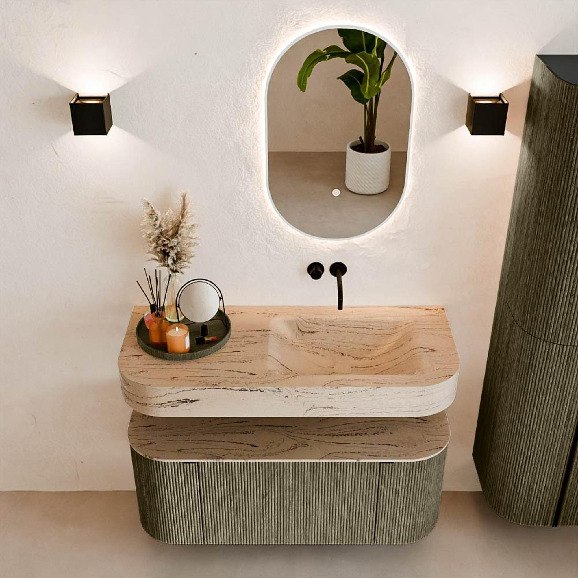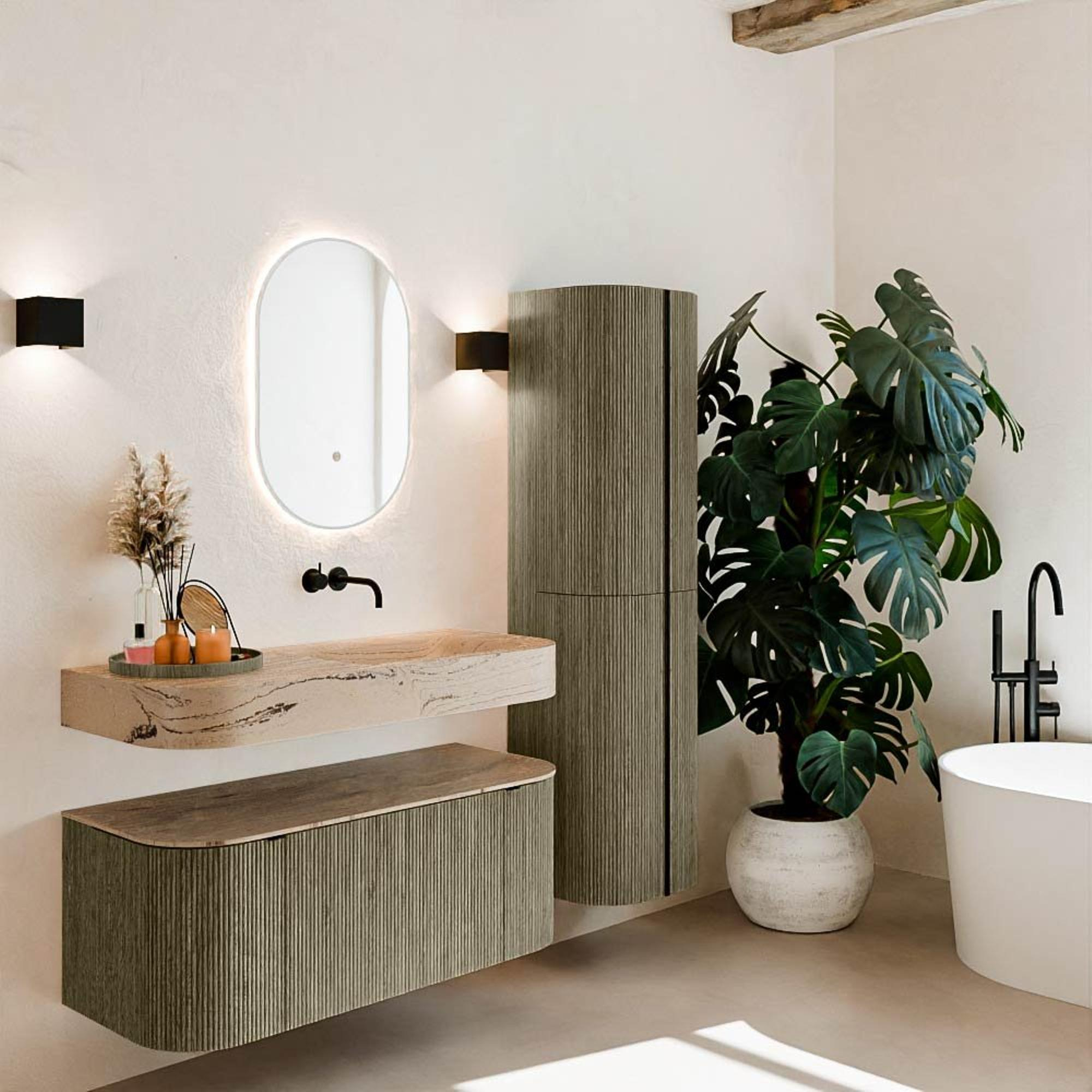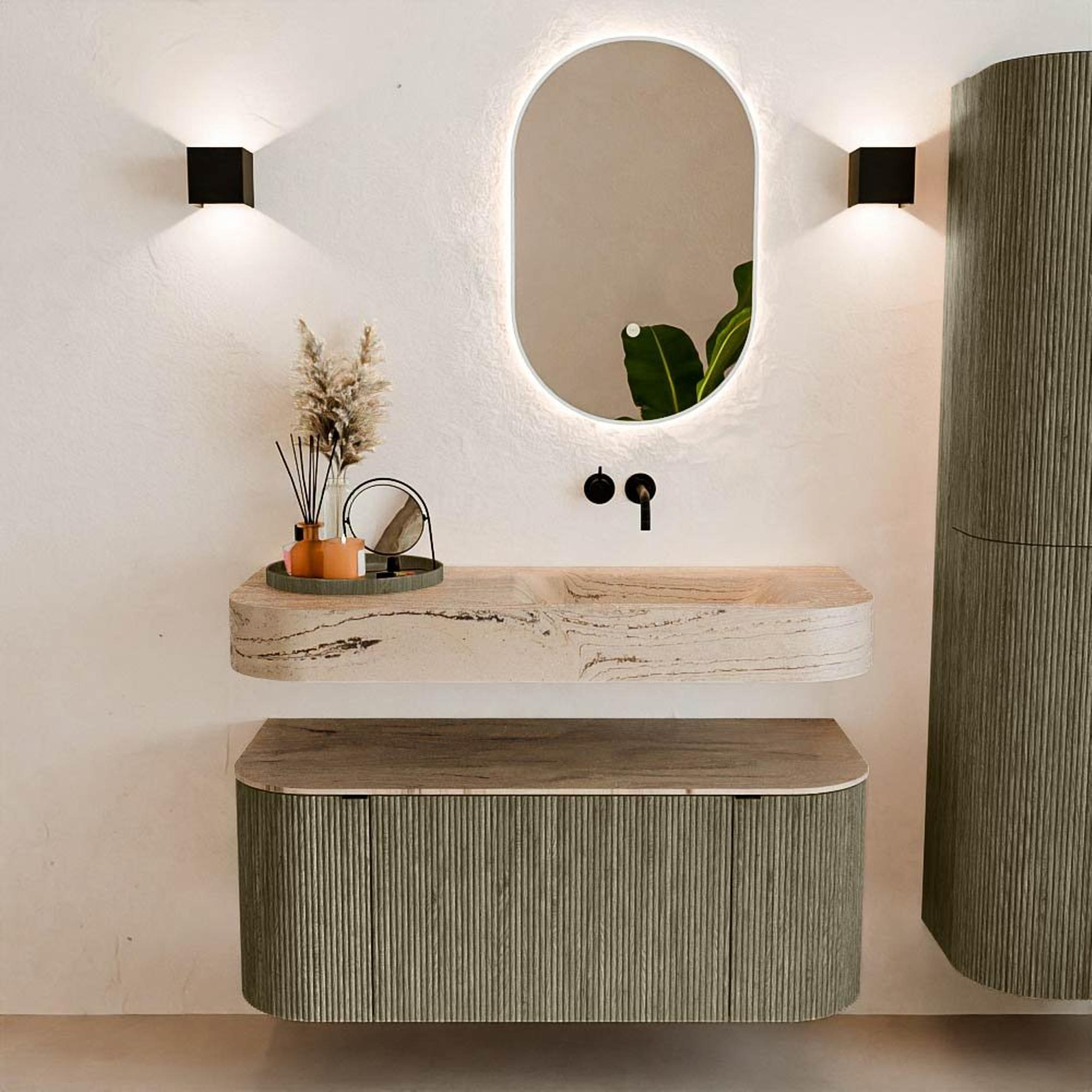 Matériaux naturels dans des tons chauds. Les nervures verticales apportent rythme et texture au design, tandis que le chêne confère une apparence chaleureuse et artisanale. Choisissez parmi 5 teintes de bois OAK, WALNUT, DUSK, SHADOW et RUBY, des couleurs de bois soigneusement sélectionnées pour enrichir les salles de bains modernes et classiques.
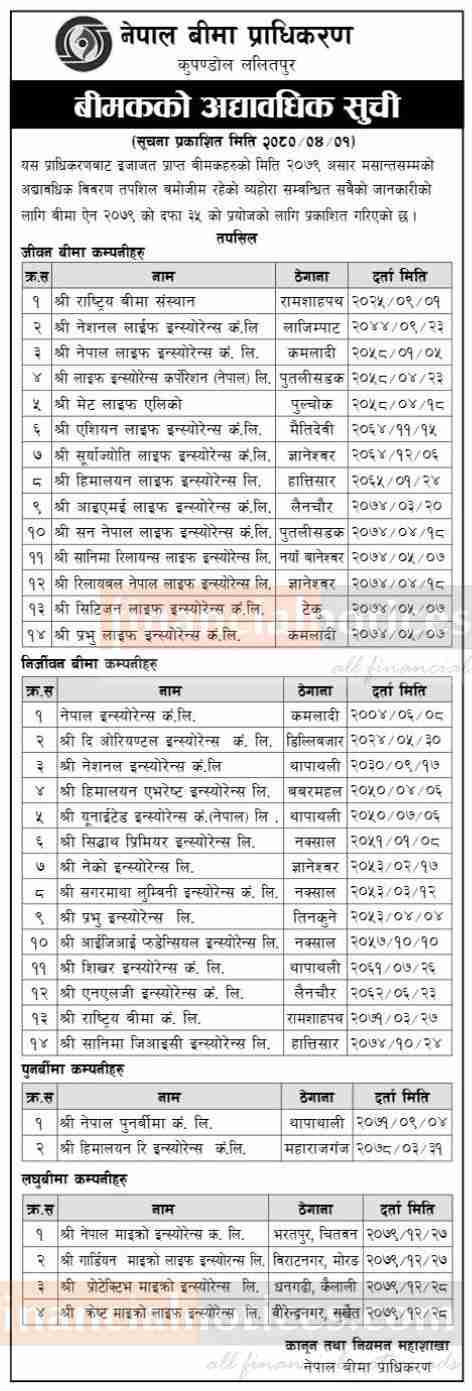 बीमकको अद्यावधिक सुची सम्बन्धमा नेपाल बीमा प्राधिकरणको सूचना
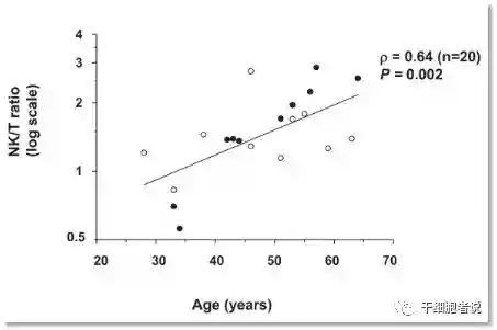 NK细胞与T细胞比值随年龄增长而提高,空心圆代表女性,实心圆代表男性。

What this task involves
Return the full listing above exactly as written, and omit the pictures.

Completed task
 Matériaux naturels dans des tons chauds. Les nervures verticales apportent rythme et texture au design, tandis que le chêne confère une apparence chaleureuse et artisanale. Choisissez parmi 5 teintes de bois OAK, WALNUT, DUSK, SHADOW et RUBY, des couleurs de bois soigneusement sélectionnées pour enrichir les salles de bains modernes et classiques.
 बीमकको अद्यावधिक सुची सम्बन्धमा नेपाल बीमा प्राधिकरणको सूचना
 NK细胞与T细胞比值随年龄增长而提高,空心圆代表女性,实心圆代表男性。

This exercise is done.